La scuola recente è stata aperta dal famosissimonoto gruppo “t.A.T.u.” o per le amanti del madre lingua Тату (termine copiato da Wikipedia- chi sono io per dubitare della sua veridicità?). Per le poche che non lo conoscono; band russa composta da due ragazze (Lena Katina e Julia Volkova ndr.). Gruppo, le t.A.T.u. appunto, che in barba alla coerenza tipica degli effetti della vodka russa, hanno usato il loro rapporto amicale, insinuando nelle menti dei più l’idea, non troppo celata (vedi All The Things She Said – se vuoi rimembrare), che questo affetto potesse celare qualcosa in più, qualcosa come una relazione. Indubbio dire che questo vociferare di male lingue, altro non ha fatto che accrescere la popolarità delle due; scoppiate solo in seguito ad un rimorso di coscienza, denunciandosi colpevoli di finto lesbismo.

Tanti passi avanti sono stati fatti sull’accettazione di una coppia lesbica, che quasi non fa neanche più scalpore la notizia di due ragazze che soavemente inneggiano all’amore saffico in una jacuzzi (per amanti dello stile, riferimento alla canzone Jacuzzi di Anitta e Greeicy), piuttosto che l’amore tra una sirena e una mortale (Little Mix Feat. Cheat Codes con Only You). Adesso per fare del vero scalpore devi utilizzare il coming out.

Sì, poiché, sebbene l’amore gay sembra quasi passare in sordina, il momento del coming out non ha perso il suo impatto con il pubblico. Quel punto di commozione celebrale commossa attesa.

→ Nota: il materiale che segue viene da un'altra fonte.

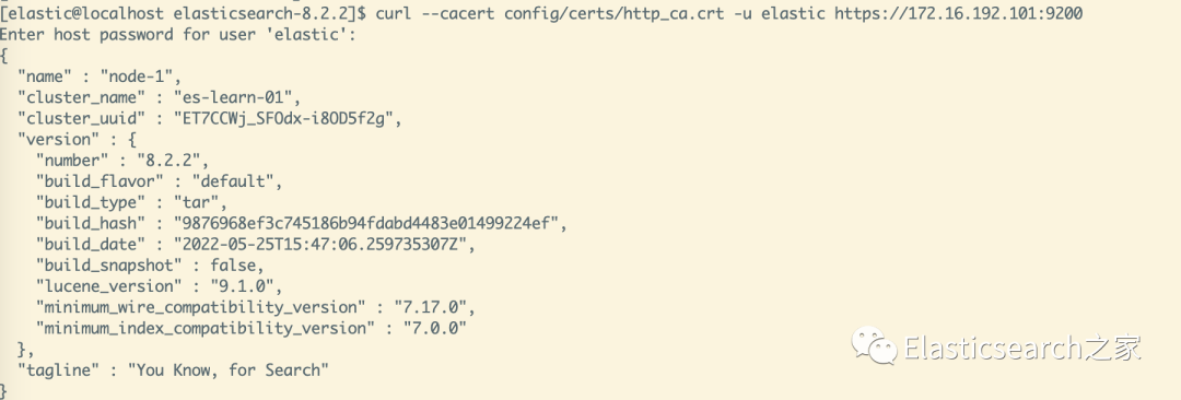 curl --cacert config/certs/http_ca.crt -u elastic https://172.16.192.101:9200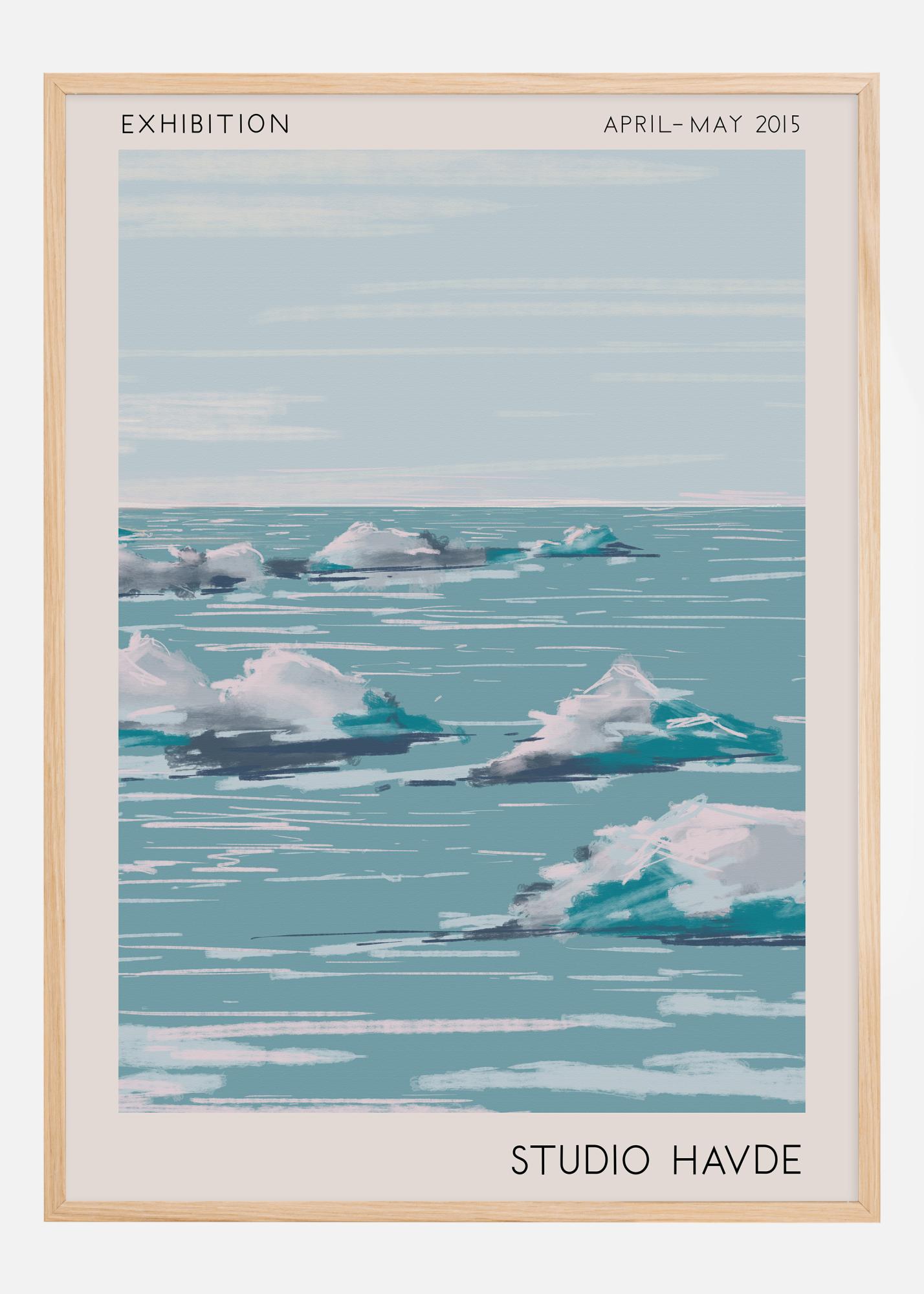 Questo poster pacifico e suggestivo dalla mostra di Studio Havde di aprile-maggio 2015 trasmette una forte sensazione della natura mutevole e potente del mare. L'opera raffigura una serie di iceberg che si fanno strada attraverso la superficie calma del mare, dipinti in una rilassante palette di blu freddi e morbide tonalità bianche che creano una sensazione di freddo e tranquillità nella composizione. Questa scena del paesaggio artico è sia senza tempo che attuale, e riflette la forza indomabile e la bellezza della natura.

Quel sorriso da ebete  incerto e soprattutto la trasmissione giusta, renderanno il momento del coming out uno di quei momenti da incorniciare, per chi lo fa, ma anche e soprattutto per la comunità, che accresce e si vede supportare sempre di più da personaggi di spessore.

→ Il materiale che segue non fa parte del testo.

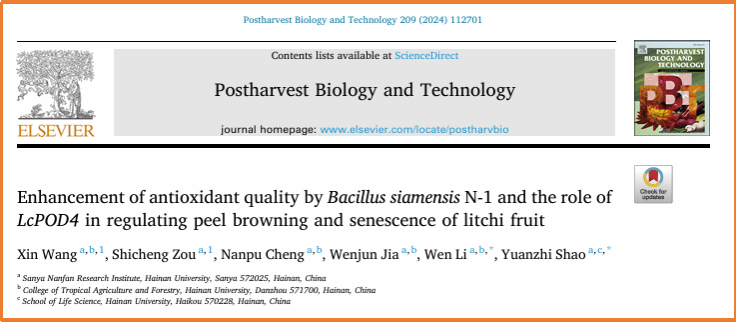 2024年388vip太阳集团李雯教授团队在热带果品采后品质调控领域取得系列成果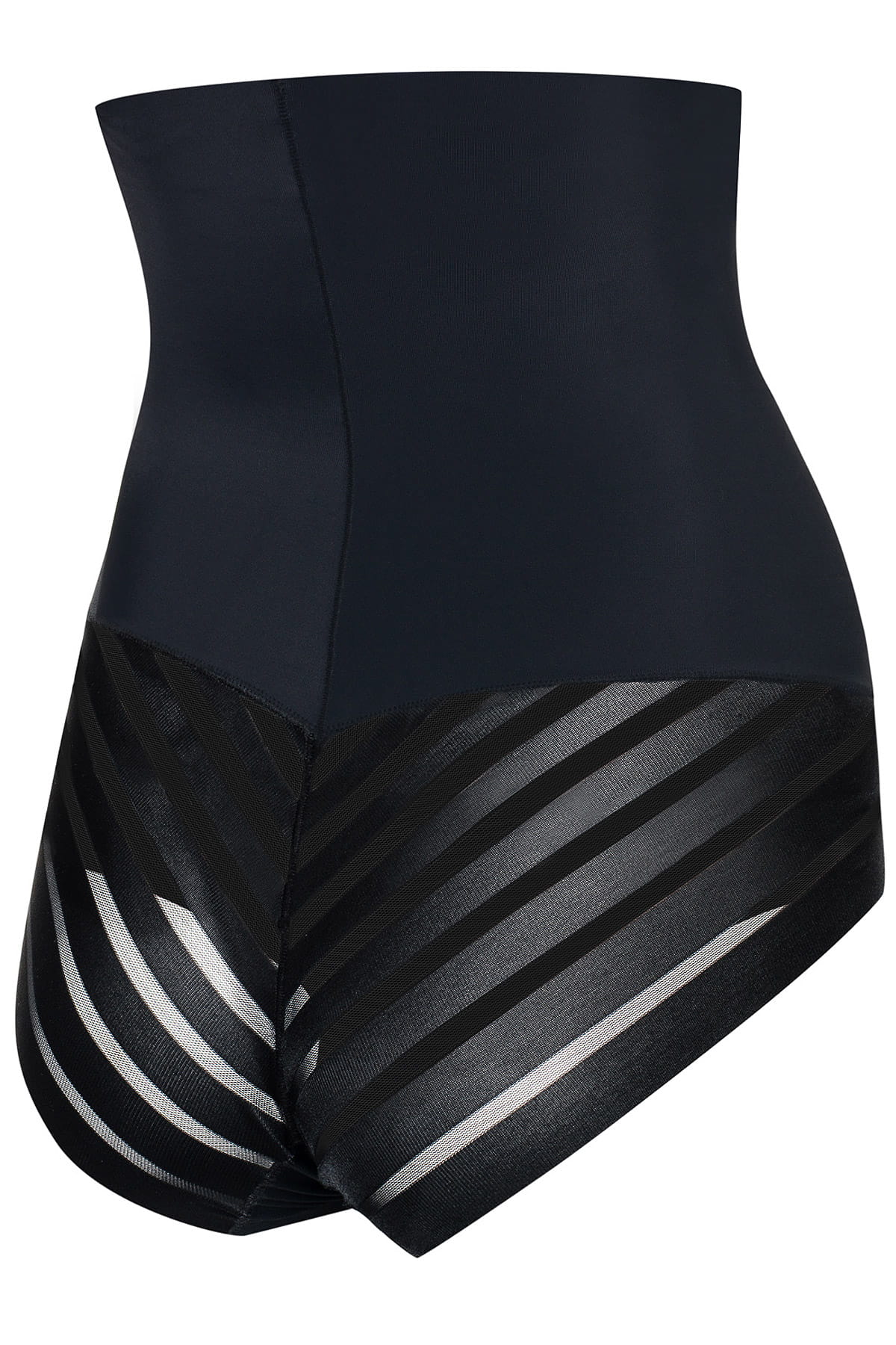 Majteczki w stylu klasycznym z tyłem wykończonym ultracienkim laserowo ciętym materiałem w subtelne pasy.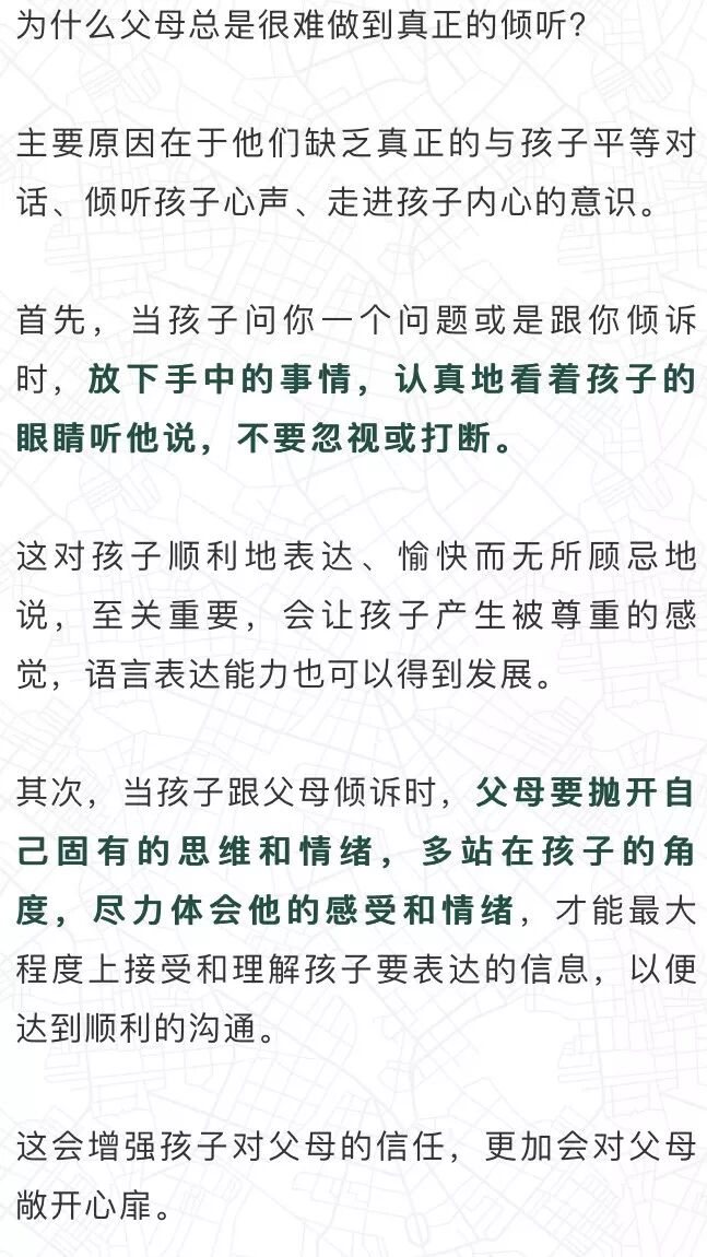 很多家长最大的问题就是说的太多了,不会倾听,太想做一个家长,却忘记了要先把孩子当做一个人平等对待。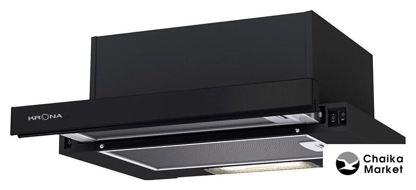 конструкция телескопическая, монтаж для встраивания, ширина 60 см, управление механическое/кнопочное, производительность мотора 520 м³/ч, цвет черный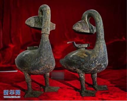 两千多年前的中国人就发明了可调节光线明暗的灯具,还能避免燃烧的烟气污染空气。海昏侯主墓的北藏閣中出土了多盏各式造型的青铜灯,其中以雁鱼灯的工艺价值和环保价值最引人关注。新发现的雁鱼灯共两盏,均为青铜质地,其整体作鸿雁回首衔鱼伫立状,雁体态宽肥,颈修长,身两侧铸出羽翼,有短尾,双足并立,掌有蹼。雁喙张开衔一鱼,鱼身短肥,下接灯罩盖。
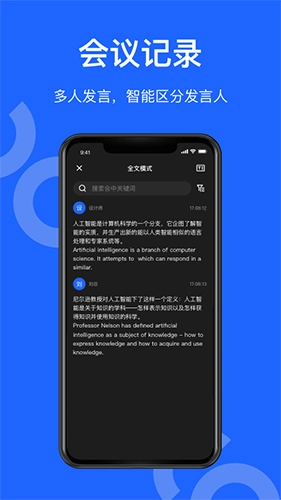 会议结束后系统会自动生成会议记录,支持通过二维码或链接进行分享;还能一键识别不同发言人,并支持按句子回听,帮助用户更高效地整理会议内容。

Nessuno noterà il tempismo così perfetto tra quelle due parole “Barbara, sono gay” (forse sono tre, ma poco importano gli anni allo scientifico) e l’uscita di un nuovo cd, di un libro o della pubblicazione del documentario sulla vita dei babbuini in Antartide. No, nessuno dubiterà che quelle parole, avvolte da cotanto sconvolgimento, siano in realtà frutto di una campagna di marketing atta a suscitare scalpore e attirare un gruppo di una grande realtà di nicchia. Ma soprattutto tutto potrà filare assolutamente liscio, se e solo se, quel gruppo non sospettasse già da decadi di questo tuo sentire.

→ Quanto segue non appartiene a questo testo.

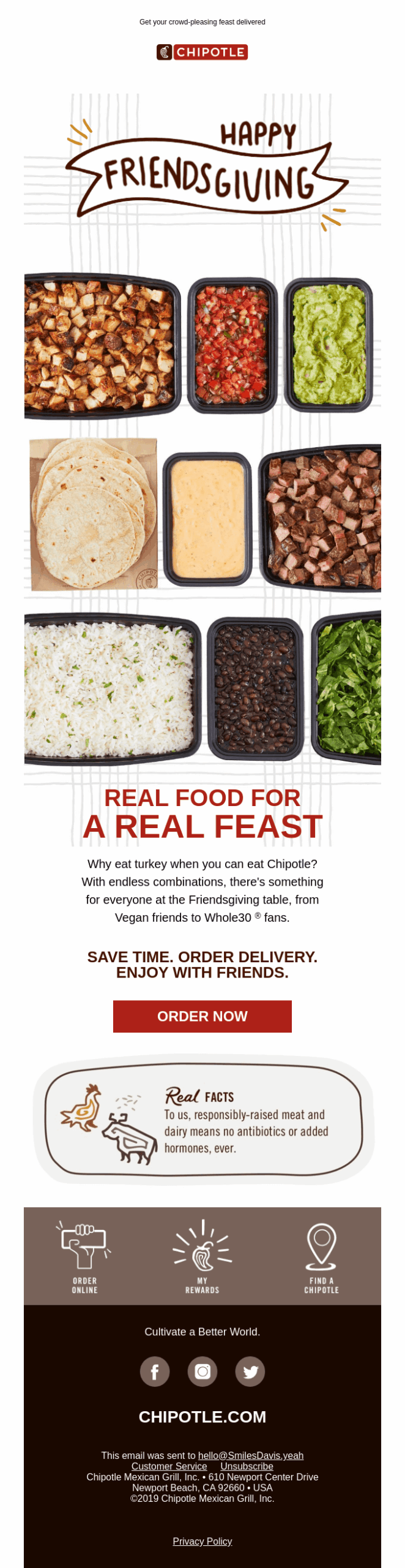 Thanksgiving is a big event for most families, and many love to get food delivery instead of cooking. This marketing email by Chipotle seizes on this exact opportunity and promotes its food.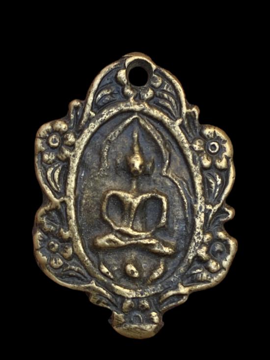 เหรียญหล่อเก่า เนื้อโลหะผสม พิมพ์ทรงลายดอกไม้ ล้อมกรอบองค์พระ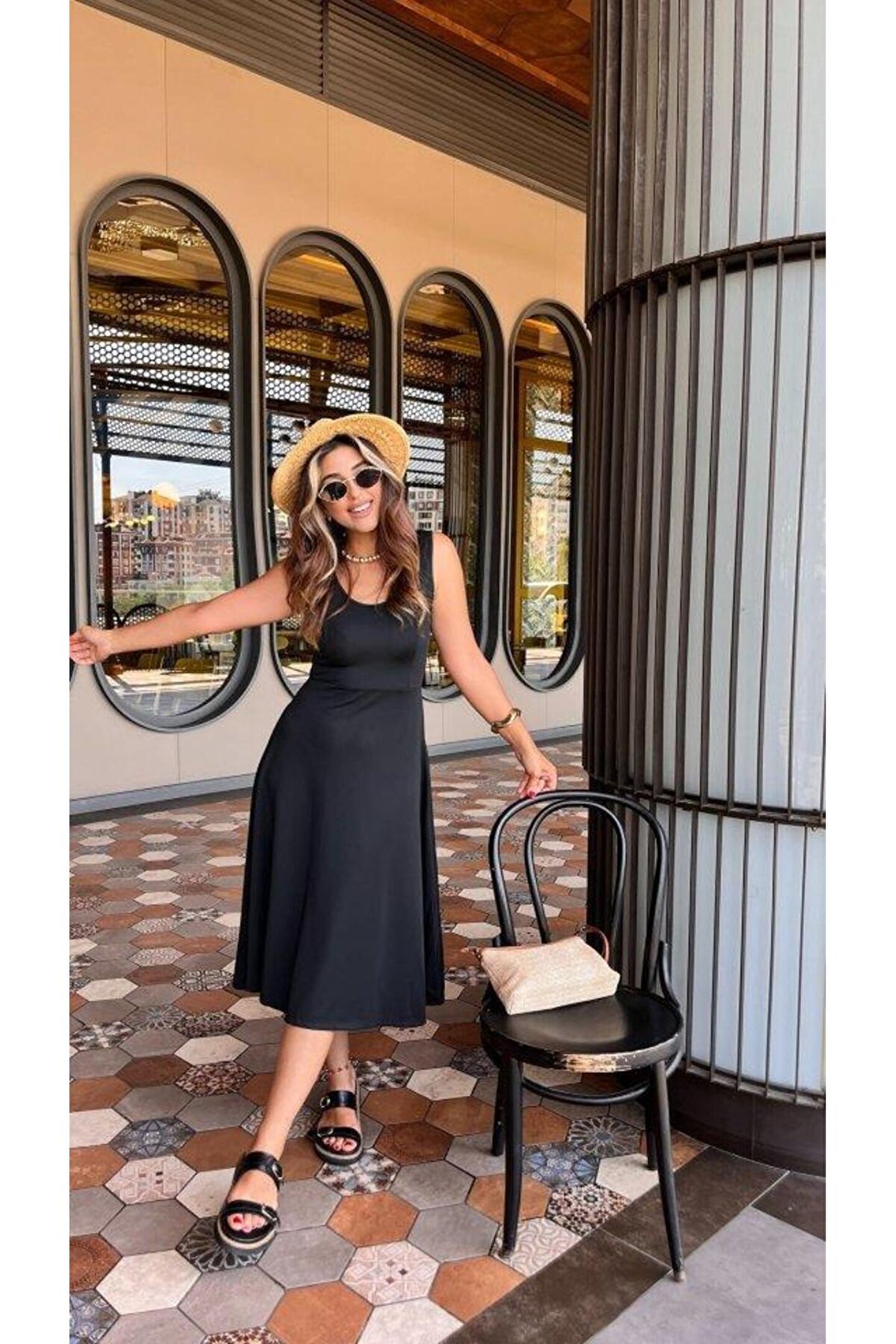 Kadın Askılı Kare Yakalı Midi Ithal Krep Elbise

Tutto potrà filare liscio se e solo se, torniamo indietro di dieci anni; quando ancora non era possibile parlare liberamente di sesso e di sessualità, perché anche chi ti appoggiava, di fronte al confronto era il primo ad accusarti. O ancora, se e solo se, le diverse sfumature dell’amore avessero ancora la necessità di vedersi rappresentati, non avessero una voce e delle gambe forti per sostenersi da soli. E sarebbe un gesto davvero bellissimo, se e solo se, non ci fossero, tuttavia, ancora persone che per quell’uscire dall’armadio perdono amici e famiglia. Piangono e si disperano cercando aiuto. Se e solo se, non ci fosse chi ancora oggi, non riuscisse a reggere il peso di una vita di derisione, e si togliesse la vita.

Quindi, forse è vero che nel duemila diciotto fa quasi sorridere vedere la strumentalizzazione dell’omosessualità, la si accetta come giusto compromesso tra il non parlarne e il parlarne male; ma tutt’oggi, fa meno piacere, vedere un atto di estremo coraggio sminuito per qualche lancio di sorta. Se volete far uscire qualcosa dall’armadio, toglieteci gli scheletri.

-Good C.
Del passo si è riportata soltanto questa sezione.